So-called “Sultan”

The New York Review of Books published an article by Christopher de Bellaigue in the December 17 issue titled “The Sultan of Turkey“, unfortunately very much in line with the  shallow analysis of Turkey and its politics that appears in the Western media. Normally in a journal like the NYRB, the language and analysis of this article should not have passed the editorial controls. I sent a letter to the editors addressing the “executive presidency” points in the article. I quote the article below:

Mr. de Ballaigue’s article is missing or, at best, glossing over some of the critical contextual information regarding the AKP and Mr. Erdogan.

The current constitution gives the president of the republic quite broad powers to shape the executive branch and the judiciary without any political or legal accountability (the only possible charge against a president is treason). All the high-level civilian and military bureaucrats are appointed with the approval of the president; some proposed by the government for approval, some directly appointed by the president. This set up originated in the 1960 coup by the military as means of more direct control over the elected officials, and then was stregthened further after the 1980 coup. The expectation of the generals was that the president will be chosen among the bureaucratic elite since the the parliament that elects the president could be “influenced” by the institutions of the republic. So, they shaped the presidency as the apex of the bureaucratic guardians. As with many social engineering attempts, the unexpected happened: the AKP achieved the parliamentary power to elect a president in 2007. The blatant intervention by the military and high judiciary was countered by the politicians with a change to the constitution to elect the president directly by popular vote. This was a rather hasty change that did not touch the existing powers of the president.

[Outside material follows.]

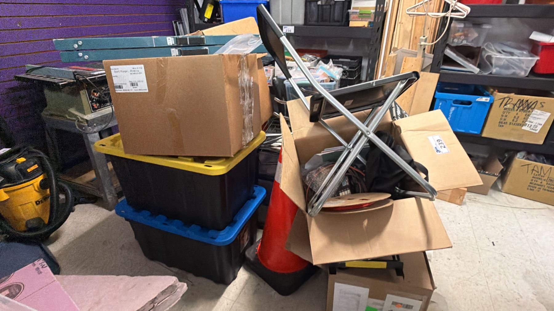 PILE OF ASSORTED ITEMS INCLUDING; RESERVED FOLDING CHAIRS, SAW HORSES & MORE *MUST TAKE ALL*
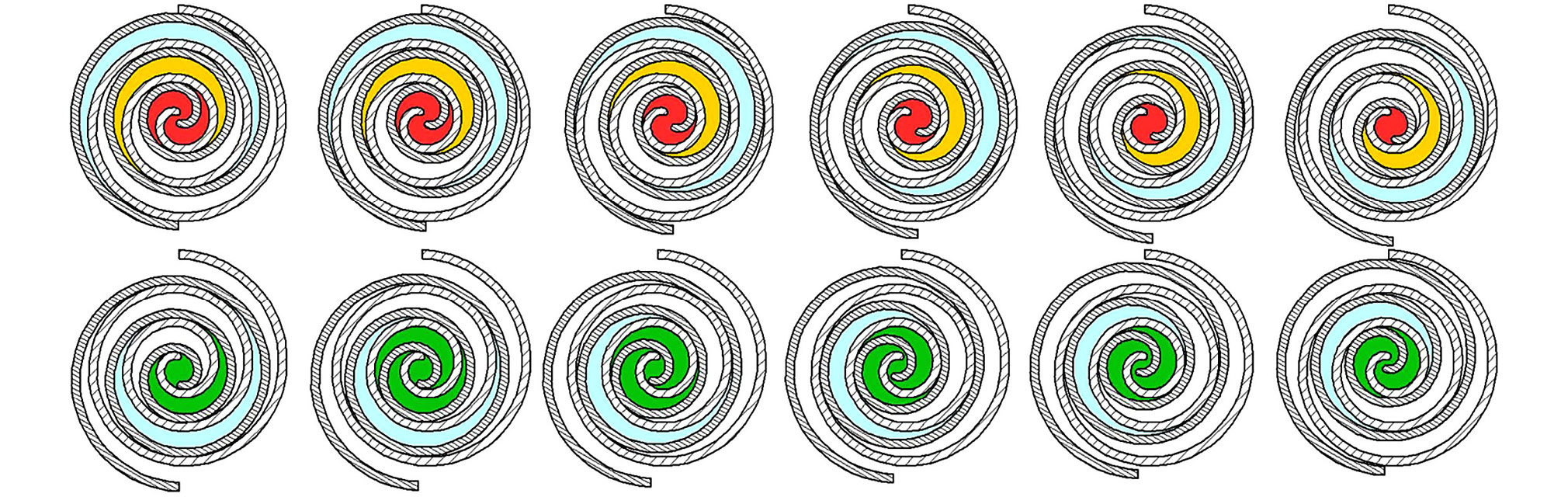 Рис. 2. Изменение положения полостей сжатия за один оборот вала с шагом 30° (π/6).

Mr. Erdogan has been calling for a presidential system for more than a decade. In Turkey’s first presidential election campaign in 2014, Mr. Erdogan repeatedly stated that he will not be like the previous presidents if elected and will use the powers granted by the constitution to the fullest. He won in the first round by 52% of the national vote. This gives him the legitimacy to use the presidential powers the previous presidents were either reluctant (like civilians Ozal and Demirel) or preferred to orchestrate with bureaucratic allies (like ex-constitutional judge Sezer). I should also note that Mr. Erdogan was the first prime minister and now the first president who did not come from one of the elite schools and did not have any experience in the government bureaucracy. He was a small scale businessman and rose through the ranks of a grassroots political organization.

The tragedy of the opposition in Turkey is that they do not have the foresight to seize upon the “executive president” idea to shape a new constitution with democratic checks and balances, not like the current one where “check and balances” are provided by a self-reproducing unelected bureaucracy.

I should add that there is another aspect to the failing public discussion on the presidential system: The rather simplistic and problematic arguments put forward by many of the supporting commentators (Etyen Mahcupyan drew attention to this in a series of articles.)